Wednesday, January 22, 2014

NO, POLITICO, THE GOP IS NOT ADVOCATING SCHOOL CHOICE "TO WOO MINORITY VOTERS"

This GOP press release disguised as a Politico news article contains quite a few untruths, starting with the title:
GOP touts school choice to woo minority vote
That's simply untrue.
Republicans eager to attract black and Latino voters believe they have hit on an ideal magnet: school choice....

Republicans ... believe school choice can be the fulcrum of their newly reinvigorated effort to woo minority voters, dubbed the Growth and Opportunity Project.
No, Republicans don't believe that. They know better.
... Led by Republican National Committee Chairman Reince Priebus, with high-profile contributions from House Majority Leader Eric Cantor (R-Va.) and Kentucky Sen. Rand Paul (R-Ky.), the GOP is pushing an election-year initiative to talk up school choice at every turn.

Calling for more charter schools, vouchers and tax credits to help parents pay private school tuition fits with the party's mantra that the government works best when it gets out of the way and lets the free market flourish. But top strategists say it's more than that: Talking about helping poor minority children softens the GOP's image and lets candidates offer a positive vision instead of forever going on the attack. And unlike immigration reform, school choice is politically safe; there’s no chance of blowback from the tea party.

Plus, the photo ops are great. As the conservative advocacy group FreedomWorks put it in a strategic planning document: "Focus on kids and the future = excellent media opportunity."
Well, now we're getting a bit closer to the truth.
... Even if minority voters aren't entirely won over, [GOP strategist Matthew] Dowd said, GOP candidates still benefit from talking up school choice: "It gives the message to moderate white suburban voters that they're tolerant, they're expansive -- they care."
Ding ding ding ding ding! OK, this is the truth. Or at least a portion of it.

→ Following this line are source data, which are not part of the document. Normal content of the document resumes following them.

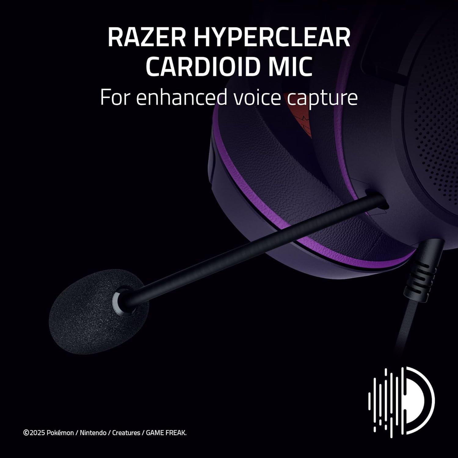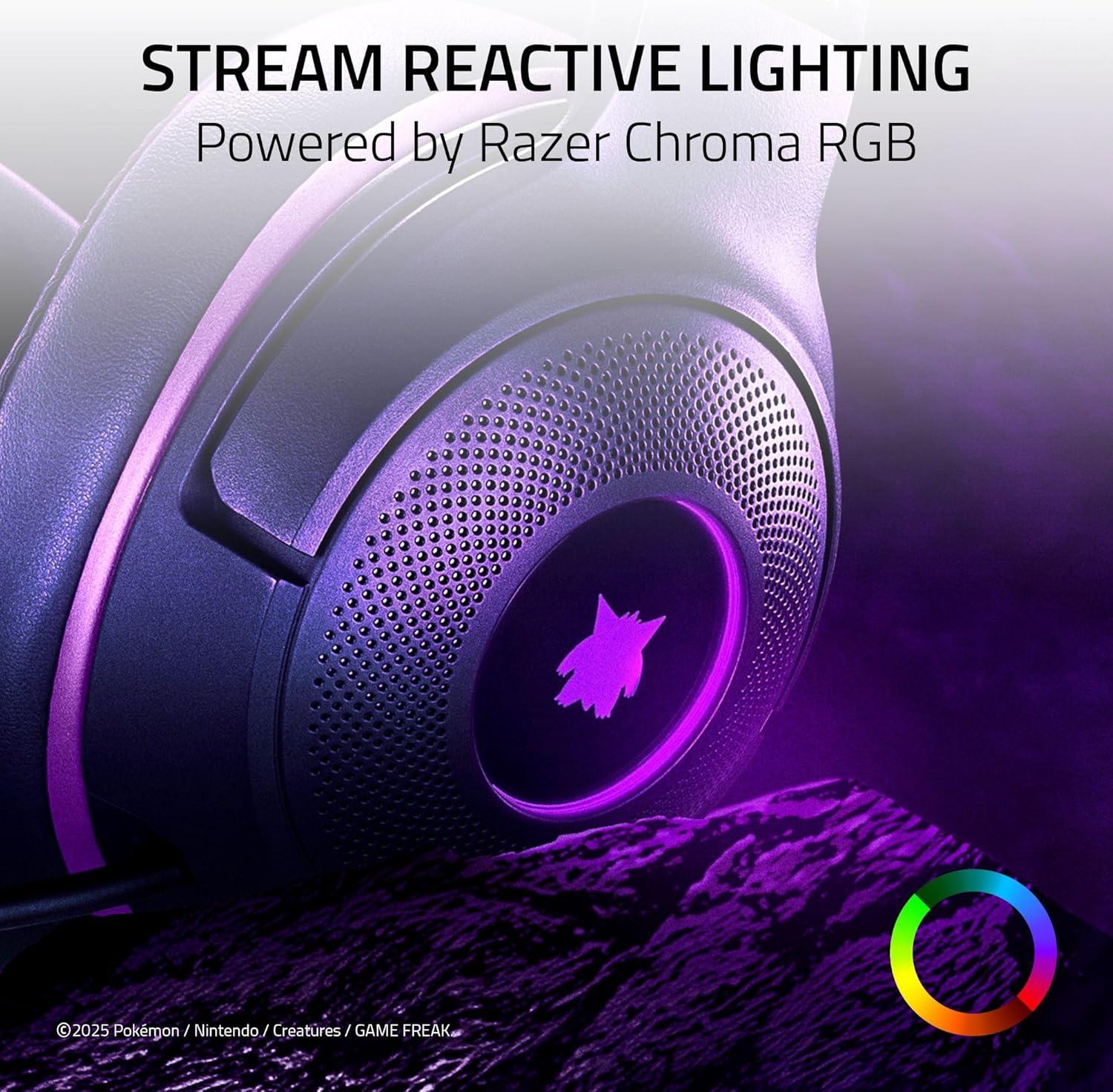 Razer Kraken Kitty V2 USB Wired Headset: Gengar Spikes - Stream Reactive Lighting - HyperClear Cardioid Mic - 40 mm Drivers - 7.1 Surround Sound - Comfortable Ear Cushions - Pokemon Gengar Edition(Pokemon Gengar Edition)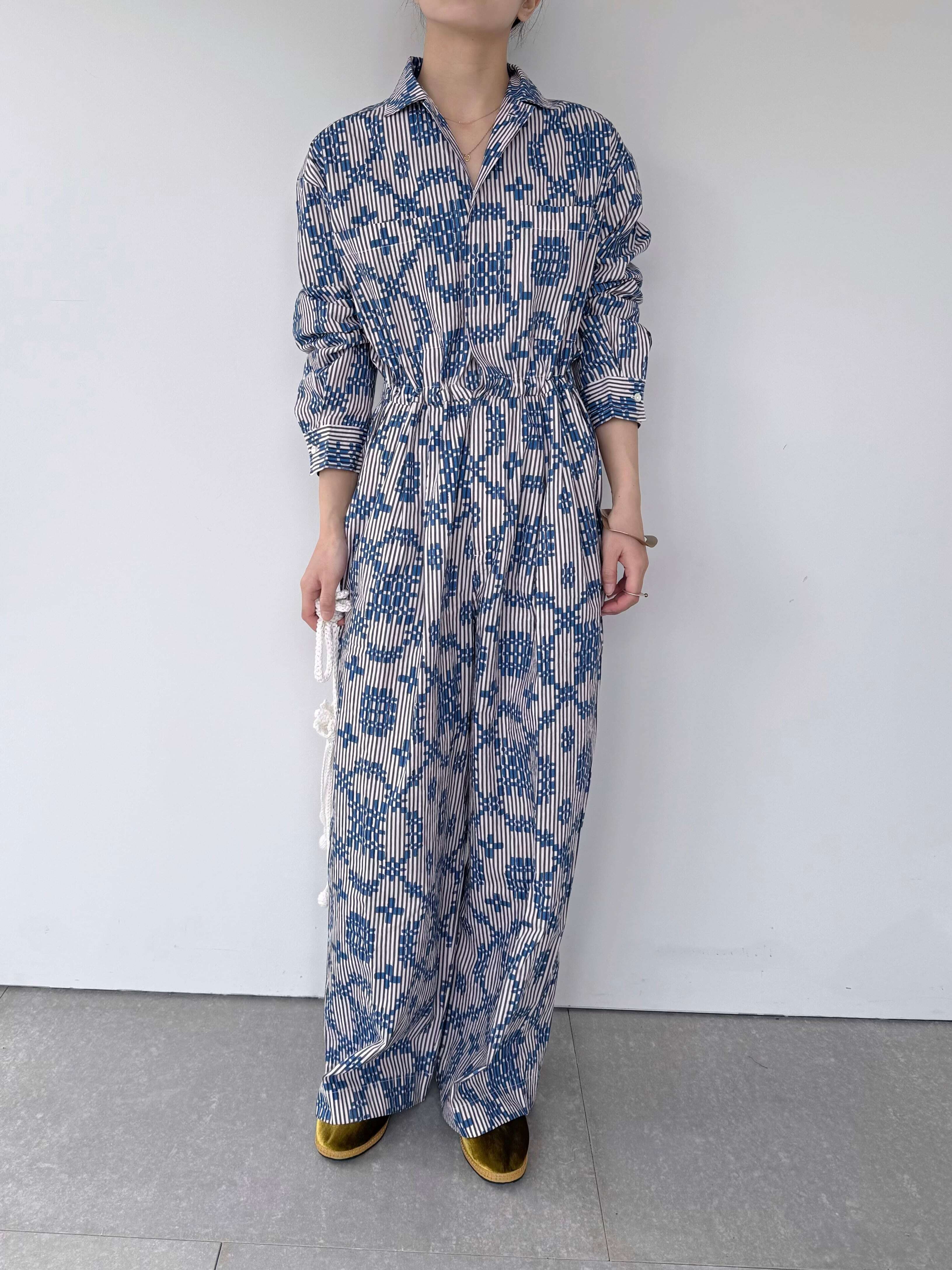 【Sara Mallika / サラマリカ】 日本人女性がデザイナーのインド製でテキスタイルや刺繍を得意としたアイテムを多く展開しているブランド。 ブランド名はボーダーレスな感覚で世界中を旅する“Sara” という女性と サンスクリット語で、ジャスミンの花を意味する言葉“mallika”を合わせた造語から名づけられた。 【モード&リラクシーなオールインワン】 ハリのあるコットン100%のストライプ生地にオリジナルプリントを施したオールインワン。 幾何学的なリズミカルなモチーフが魅力的。 比翼仕立てのフロントは、ミニマルで洗練された印象を演出。 内側にはドローストリングのコードを備え、ウエストを絞れば、体型やシーンに合わせてシルエットのアレンジが可能なアイテム。 絞らずにストンと落として着れば、バギーシルエットになり、ラフな抜け感を楽しめます。 ウエストの細やかなタックが立体感を生み、履くだけでスタイル良く見せてくれます。 胸元や背面に配したポケットが、ワークの要素を感じさせながらも上品な雰囲気を醸し出します。 袖口はシャツのような開き仕様で、軽くまくると、こなれ感が生まれます。 構築的でいて、柔らかい、Sara mallikaが提案する、新しい“大人のオールインワン”です。 【サイズ】 S 肩幅:49 身幅:51 袖丈:55 着丈:138 股下:60 ヒップ:116 M 肩幅:49.5 身幅:52.5 袖丈:56.5 着丈:149 股下:66 ヒップ:120 (cm) 【カラー】 Blue 【素材】 コットン100% 【原産国】 インド ※モデル身長164cm、Mサイズ着用 ※モニター発色の具合により色合いが異なる場合がございます。 (020861SE1)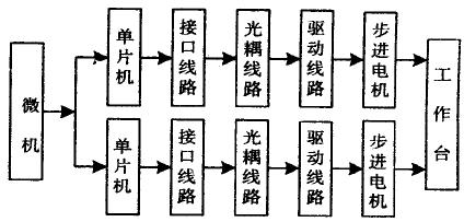系统的工作过程是:从键盘和鼠标输入定点坐标(X、Y)后,微机通过串口向各单片机发出指令,各单片机接受到指令后,由单片机软件控制X电机和Y电机的转动方向、转动步数、转动速度,达到自动定位的目的。系统所用电机为75BF001型反应式步进电机(其相数为三相,步距角1.5°/3°,直流电压为24V,相电流为3A)。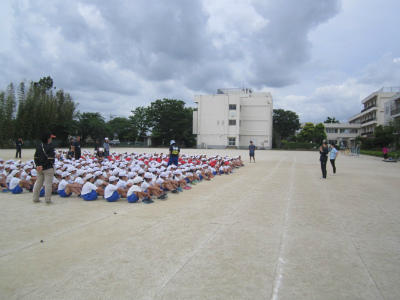 今朝は、昇降口から不審者が侵入してきたと仮定して避難訓練を行いました。

None of this talk is aimed at nonwhite voters -- even Republicans aren't naive enough to think that works. The talk is aimed at conning moderate white voters into believing that Republicans have nothing but minority voters' best interests at heart.

But beyond that, this sort of talk also fires up the base. You know how, every few weeks or so, some Republican grouses about how black voters need to move away from the "liberal plantation" (or "Democrat plantation," or "Democrat [sic] Party plantation")? GOP base voters love that sort of talk, the capper of which is always "Liberals are the real racists!" Evidence of alleged black self-enslavement inevitably includes blacks' reluctance to embrace school vouchers.

Oh, and there's this, quoted in the Politico story from a Hispanic-themed open letter Reince Priebus wrote to fellow Republicans:
"Some Hispanics are sadly stuck in failing schools," Priebus wrote. "But do Democrats stand up and say those kids deserve a shot at attending another school? No, they systematically oppose school choice at every turn, doing the bidding of the teachers unions...."
Ding ding ding ding ding! The push for vouchers is also about curtailing the power of public sector unions, and thus curtailing union funding of Democratic candidates.

Yeah, this crusade has many purposes, but wooing minority voters is not one of them. Politico thinks you're too stupid to realize that.

4 comments:

Victor said...

Well, in all fairness to Politico's well-paid reporters, THEY'RE too stupid to realize that, so why shouldn't they think the public is, too?

If you read Politico often enough, you WILL become more and more stupid and ill-informed.

Peter Janovsky said...

It's a double edged sword even for white voters, because vouchers are very unpopular among them. In fact, I would say that vouchers may be more popular among blacks than whites. But to the extent vouchers may be, they're it's outweighed 99-1 by every single other issue .

But I don't thinktoo strong advocacy for vouchers is a winning issue among whites and the population as a whole, no matter what Grover Norquist might say on Bill Maher about supposed Democratic bigotry against blacks because they oppose DC vouchers.

Dark Avenger said...

Politico: Fox News for people who can read print without moving their lips.

Chris Andersen said...

The gist of the GOP position is that minorities are to dumb to know they are being conned so they need the wonderful Republicans to save them from the evil Democrats.